Скитальцы, книга вторая - [26]

Шрифт
Интервал

А он, Каменушка, взял да и пал на каменном острову: не навестить его, не приветить и могилку не обиходить. Вот когда поняла Евстолья: маленькая рыбка лучше кислых штей. И если оглянуться назад, то оказывается, и стерпелось, как говаривал батюшка, и слюбилось, раз сына вот нажили, Глеба. Сын в семье – это как самородок найти: едва из пуза вылез Богоданный, уже надивщик, можно сказать, четыре десятины землицы на душу выложь да подай. Растить бы сына и радоваться, но словно бы язва моровая пала на семью; и не просто рухнула она, источилась, но с бесчестьем. Еще Донька в арестантской сидел, а мир постановил уже изгнать парня из Дорогой Горы, а имение его передать по долговой записке Петре Афанасьевичу Чикину. Покойный Калина триста рублей забирал у Петры взаймы, чтобы выгородить сына от службы, но отдать сполна не пришлось; смерть не подождала, скосила косою. Насчитали всего имения богошковского на семьдесят шесть рублей да пять гривен, а остальной долг кто покроет?
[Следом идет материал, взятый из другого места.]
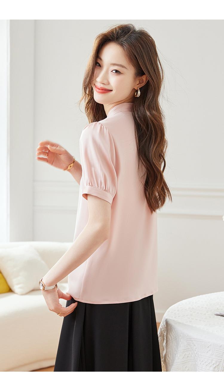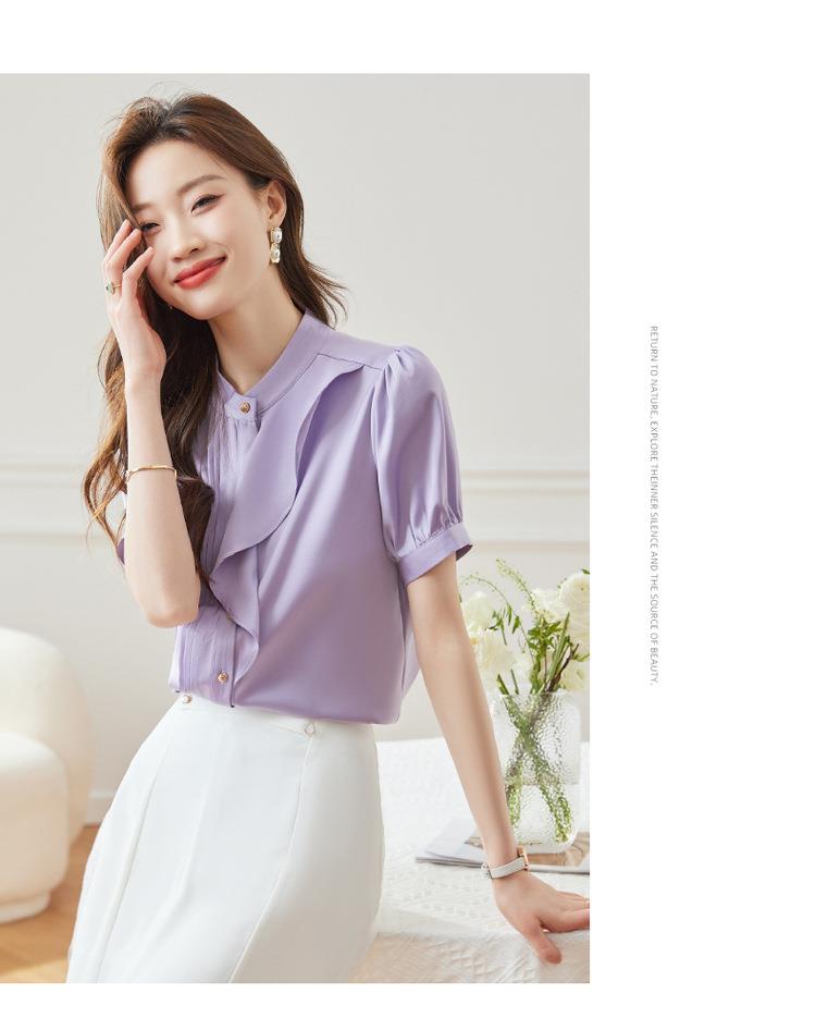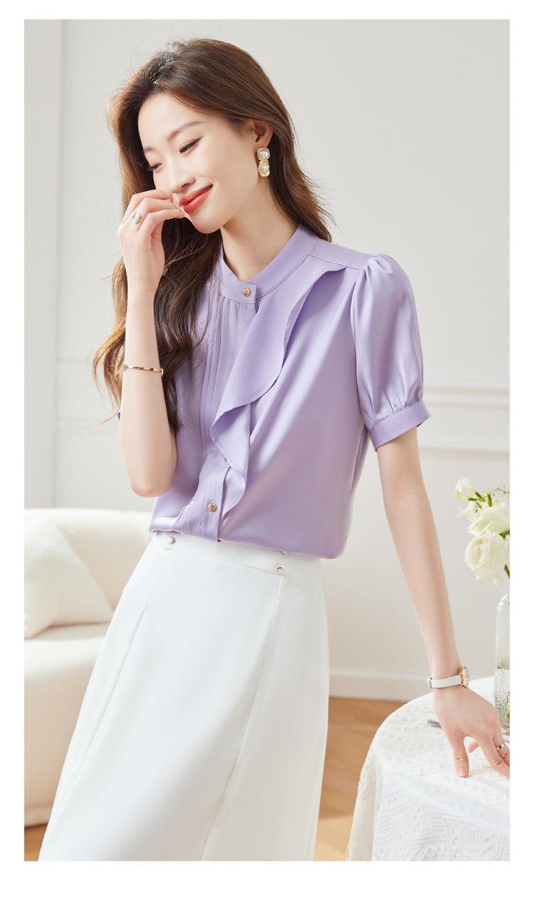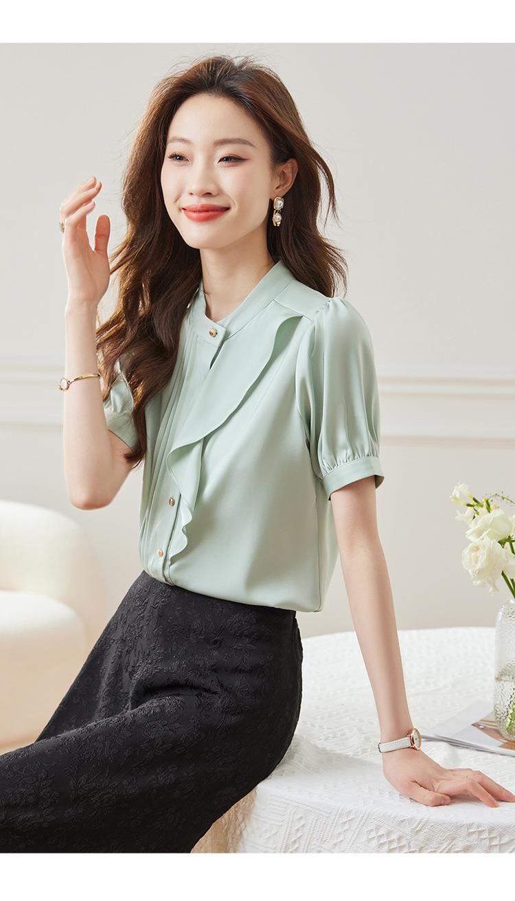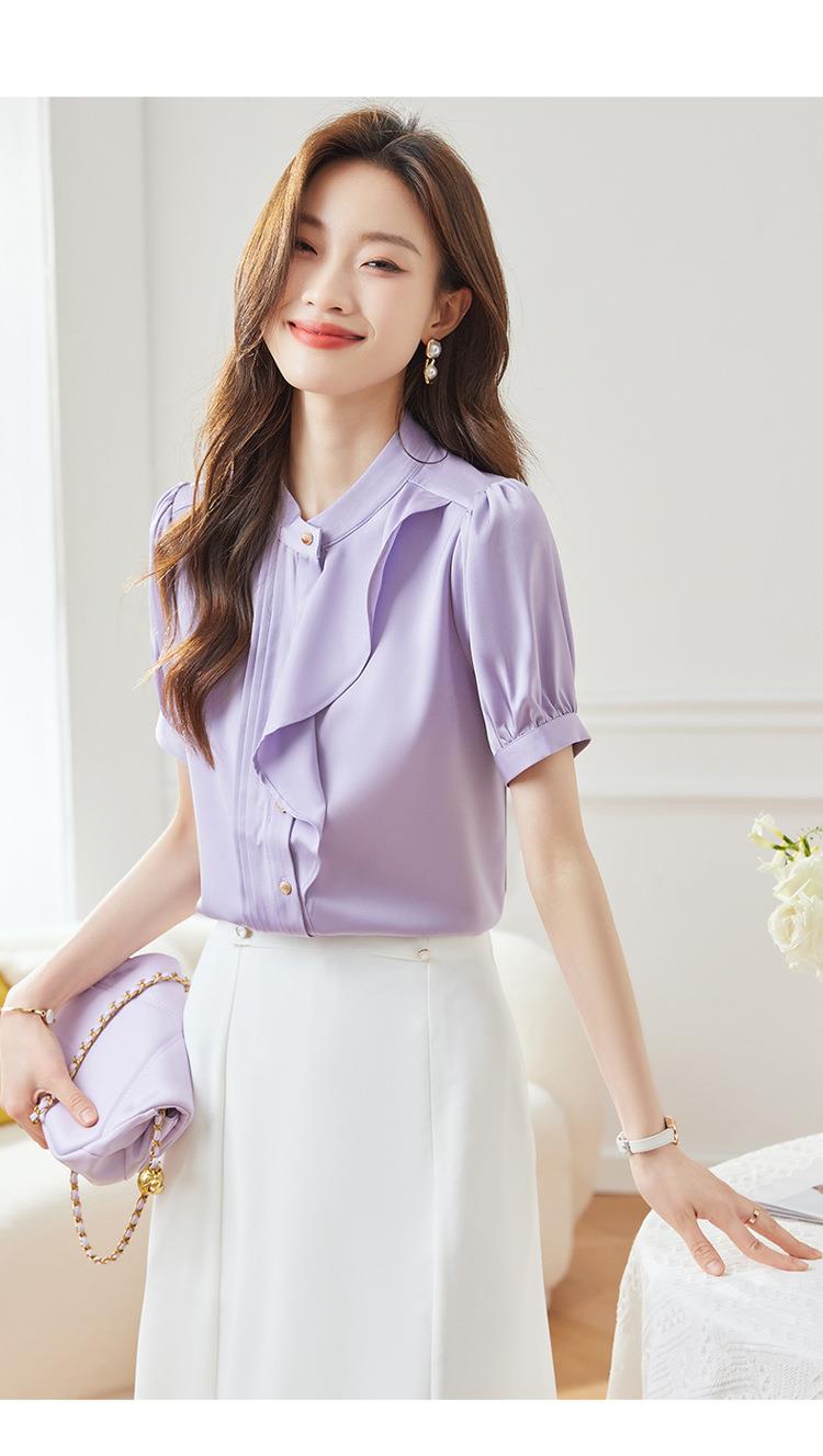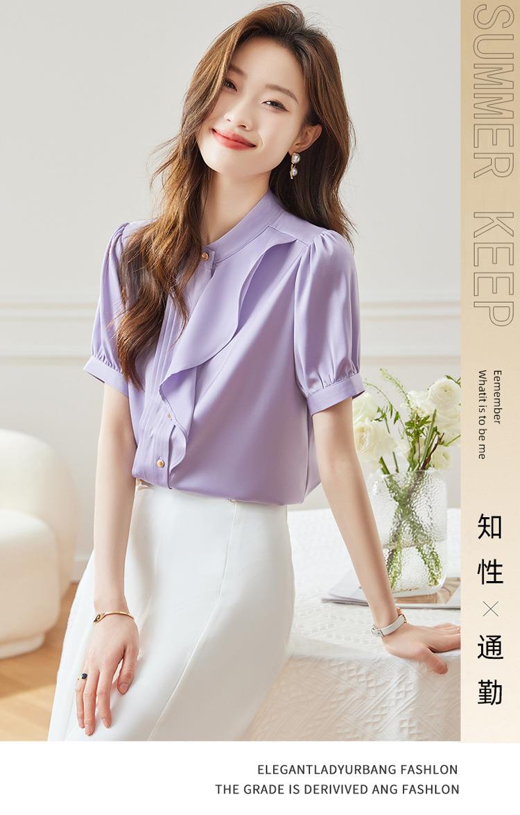 娜璐多 荷叶边短袖衬衫女2023夏新款雪纺衬衣洋气法式别致上衣设计感韩版

Не зря говорят: деньги в долг давать – что терять. Раз наследников более не осталось и не на кого расписать остальной долг, решено было родовые чищеницы и пожни отдать во владение Чикину. Лишь малый Глеб был помехою в сем деле, его-то наследства не лишишь? Но и тут Петра Афанасьевич на кривой обошел.

Явился однажды к дочери и без обиняков, будто брезгуя даже посидеть на лавке и с внуком поиграться, отрубил:

– Евстоха, доколь тебе захребетницей жить? Я уж стар, на меня ныне надея плоха. Ты слыхала, Евстоха, во мне червь. Ест и ест поедом, собака. Я-то его ну ублажать, чего ни запросит, а он меня на кулак, он меня ну мотать-выматывать. И смерть ко мне приходила во снах, как кошечка, во эка, – развел руки с аршин длиною. – Ну, может, чуток помене. И два рожка во лбу. И говорит мене, говорит: я смерть твоя. Ну, я и отвечаю смиренно: коли смерть, то погоди грызть. У меня дети не устроены, худо живут.

– Ой, папенька! – воскликнула Евстолья. – С коей стороны кошечка приходила к вам? Коли с правой, то к нажитку.

– Брось, дура, брось! Когда кошечка была к нажитку? Какое было, ты прожила. Не смогла удержать, просеяла сквозь пальцы, чего ж теперь?

– Ты по мне-то, батюшка, не болей. Я-то перебьюсь-перемаюсь. Богу, знать, угодно пострадать.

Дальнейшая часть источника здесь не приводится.